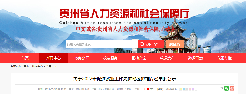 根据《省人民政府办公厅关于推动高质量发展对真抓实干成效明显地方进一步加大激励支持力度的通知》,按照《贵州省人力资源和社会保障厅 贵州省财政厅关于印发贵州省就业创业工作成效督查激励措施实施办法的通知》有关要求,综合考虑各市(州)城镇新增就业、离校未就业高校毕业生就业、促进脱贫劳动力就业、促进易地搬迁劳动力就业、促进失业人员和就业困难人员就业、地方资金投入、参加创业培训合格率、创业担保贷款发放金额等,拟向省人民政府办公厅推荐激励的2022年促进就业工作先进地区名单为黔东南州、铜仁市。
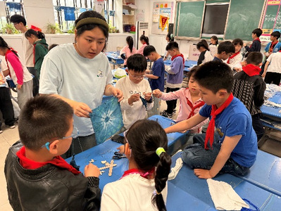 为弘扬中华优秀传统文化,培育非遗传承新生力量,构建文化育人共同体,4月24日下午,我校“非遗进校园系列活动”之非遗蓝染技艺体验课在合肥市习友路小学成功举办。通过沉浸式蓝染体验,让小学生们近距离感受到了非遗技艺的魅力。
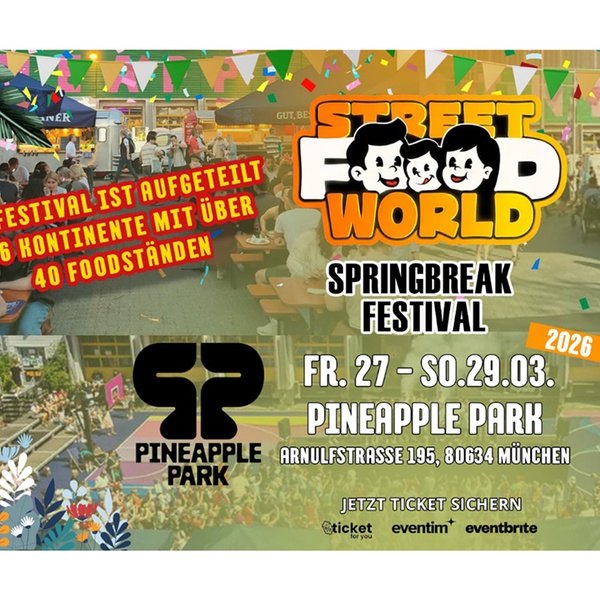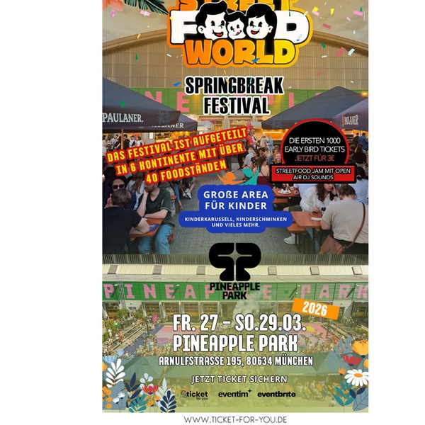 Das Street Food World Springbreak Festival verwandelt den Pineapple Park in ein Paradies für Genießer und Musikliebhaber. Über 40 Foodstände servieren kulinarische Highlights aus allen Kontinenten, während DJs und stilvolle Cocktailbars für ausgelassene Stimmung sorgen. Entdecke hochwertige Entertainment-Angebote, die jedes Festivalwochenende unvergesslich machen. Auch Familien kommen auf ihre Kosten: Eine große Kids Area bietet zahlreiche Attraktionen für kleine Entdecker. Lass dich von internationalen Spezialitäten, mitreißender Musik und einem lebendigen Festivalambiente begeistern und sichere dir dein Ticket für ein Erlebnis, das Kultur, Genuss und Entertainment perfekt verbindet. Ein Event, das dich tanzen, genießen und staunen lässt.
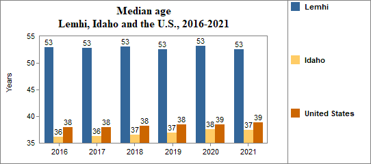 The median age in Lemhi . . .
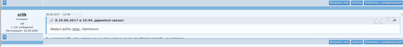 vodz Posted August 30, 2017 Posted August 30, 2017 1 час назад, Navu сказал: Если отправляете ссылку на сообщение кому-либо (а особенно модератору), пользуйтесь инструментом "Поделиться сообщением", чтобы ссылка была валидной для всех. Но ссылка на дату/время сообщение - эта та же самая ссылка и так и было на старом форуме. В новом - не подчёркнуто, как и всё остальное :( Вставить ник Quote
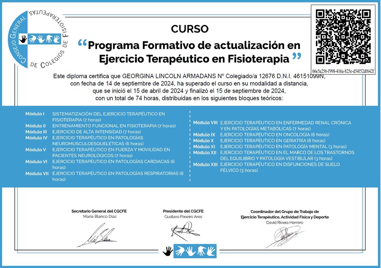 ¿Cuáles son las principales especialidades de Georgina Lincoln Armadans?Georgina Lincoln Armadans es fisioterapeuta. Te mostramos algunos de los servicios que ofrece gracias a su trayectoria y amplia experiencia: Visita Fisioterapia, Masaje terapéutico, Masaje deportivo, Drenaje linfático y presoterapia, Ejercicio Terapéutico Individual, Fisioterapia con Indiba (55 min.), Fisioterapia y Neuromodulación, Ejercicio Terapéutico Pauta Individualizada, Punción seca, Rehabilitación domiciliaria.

...

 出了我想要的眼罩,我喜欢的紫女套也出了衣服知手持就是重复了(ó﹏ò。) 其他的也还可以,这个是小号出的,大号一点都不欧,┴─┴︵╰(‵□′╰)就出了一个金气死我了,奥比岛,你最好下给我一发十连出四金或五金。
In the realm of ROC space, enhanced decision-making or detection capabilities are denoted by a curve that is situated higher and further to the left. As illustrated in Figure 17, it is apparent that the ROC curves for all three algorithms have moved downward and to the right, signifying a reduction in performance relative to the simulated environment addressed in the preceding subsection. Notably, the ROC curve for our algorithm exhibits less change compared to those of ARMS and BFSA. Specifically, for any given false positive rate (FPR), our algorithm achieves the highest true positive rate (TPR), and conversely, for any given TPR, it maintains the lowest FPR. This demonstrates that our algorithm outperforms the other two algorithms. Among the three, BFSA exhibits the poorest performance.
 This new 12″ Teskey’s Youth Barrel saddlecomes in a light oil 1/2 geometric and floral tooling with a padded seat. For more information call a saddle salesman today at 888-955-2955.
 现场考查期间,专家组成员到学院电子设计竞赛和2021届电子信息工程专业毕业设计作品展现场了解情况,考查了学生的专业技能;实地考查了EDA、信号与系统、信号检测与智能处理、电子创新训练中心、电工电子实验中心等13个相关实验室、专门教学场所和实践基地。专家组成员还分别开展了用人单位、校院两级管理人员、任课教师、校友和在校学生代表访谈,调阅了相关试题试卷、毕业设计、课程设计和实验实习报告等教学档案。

[How to complete this task]
Out of the entries above, write out only the lines between the line holding "This new 12″" and the line holding "现场考查期间,专家组成员到学", inclusive, each exactly as given.

[Written solution]
 This new 12″ Teskey’s Youth Barrel saddlecomes in a light oil 1/2 geometric and floral tooling with a padded seat. For more information call a saddle salesman today at 888-955-2955.
 现场考查期间,专家组成员到学院电子设计竞赛和2021届电子信息工程专业毕业设计作品展现场了解情况,考查了学生的专业技能;实地考查了EDA、信号与系统、信号检测与智能处理、电子创新训练中心、电工电子实验中心等13个相关实验室、专门教学场所和实践基地。专家组成员还分别开展了用人单位、校院两级管理人员、任课教师、校友和在校学生代表访谈,调阅了相关试题试卷、毕业设计、课程设计和实验实习报告等教学档案。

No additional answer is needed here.